На это ушло недели три; часто присуствовал психолог, точнее, психиатр; выяснилось, что Корзун в своем амплуа почти уникум, и в театре опасались, что если он окончательно свихнется, из репертуара придется на какое-то время снять несколько самых модных спектаклей, а это сильно скажется на сборах. Но несмотря на все усилия, опасения-таки сбылись, пусть не полностью – Корзун вышел из больнички вполне «адекватный», – но частично: изменился так, что первый же его выход в одной из прежних ролей сперва погрузил зал в полную тишину, потом по рядам побежали недоуменные шепотки, а когда упал занавес, галерка взорвалась свистом, напрочь заглушившим жиденькие аплодисменты партера и амфитеатра. Но сам Корзун, казалось, совершенно не заметил своего провала; после выхода он не то, чтобы притих – Метельников не без основания относил это на счет амфетамина и прочих антидепрессантов, – но как будто сделался даже чуть ниже ростом. Последнее впечатление, как я полагаю, тоже создавалось за счет душевной метаморфозы: сосредоточенный в себе человек как правило сильно сутулится, – а Корзун выглядел как раз таким человеком. Он не то, чтобы поумнел – дураком он, в общем-то, никогда не был, – но его ум, до того быстрый, временами даже блестящий – чего стоили одни его розыгрыши и пари! – как будто переменил направление. Вместо денди, авантюриста, бретера перед зрителями, друзьями, просто знакомыми предстал задумчивый мудрец, ученый, шахматист, физик, погруженный в такие интеллектуальные и духовные бездны, на фоне которых проблемы простых смертных представляются чем-то вроде пыли, покрывающей лапы гигантских сфинксов. Перемены отразились и на лице; он сделался одновременно похож и на врубелевского «Отдыхающего демона» и на молодого Владимира Соловьева на портрете Крамского.
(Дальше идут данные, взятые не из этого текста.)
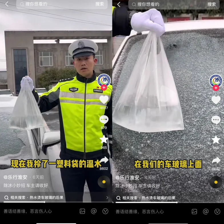 在抖音上看到交警普及,拧一口袋温水在车窗玻璃上滚动,也可以有效除冰,下次可以试试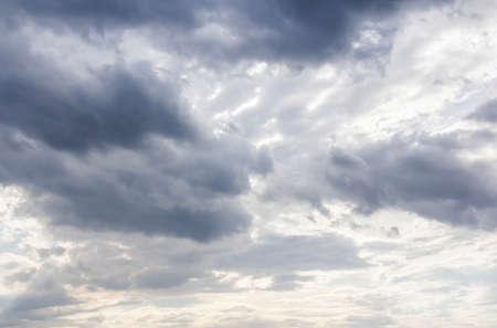 Sunset beautiful clouds on the dramatic stormy sky background before the rain. Dark stormy sky texture

Иногда мне казалось, что он и здесь немножко «представляется», наигрывает по старой привычке, точнее, любви к «блефу как таковому»; тем более, что соблазн был велик: Корзун не фигурально, а вполне реально прошел «огонь, воду и медные трубы», так что его нынешний облик как нельзя более отвечал представлению о «кающемся грешнике». Или даже ветхозаветном Экклезиасте с его неустанным рефреном: все суета сует, и нет ничего нового под солнцем. Метельников, глядя на него, сформулировал собственную «концепцию личности»; стал говорить, что «жизнь есть наращивание некоего эфирного тела внутри тела физического», что предшествующий духовный опыт диктует человеку поступки, от которых опять остается «духовный остаток», который добавляется к уже существующему опыту, как-то изменяет его, образуя новое «качество духа», которое, в свою очередь, диктует выбор очередного поступка, тот «влияет на дух», и так далее, и тому подобное: шаг вперед – два назад. Я припоминал остатки академической математики; выстраивал на бумаге, чаще в секторе расписанной «пульки», ряд несложных формул, подставлял значения, т. е. известные нам с ним поступки Корзуна, брал «интеграл»: выходило, что Корзун хоть и лицедей, и что каждая его выходка, вплоть до таких мелочей, как пари на огнеупорность часов, «бьет на эффект», но сама «натура» слабовата, и уже почти не в силах поддерживать «имидж», который сложился к его двадцати девяти годам и который требует постоянного «подкрепления». Вспоминались известные актеры, начинавшие как супермены и вынужденные оставаться таковыми до весьма почтенного возраста; кому-то это удавалось, кого-то хватал инфаркт, инсульт, причем чаще всего внезапно, лет в пятьдесят – вполне еще рабочий, цветущий возраст.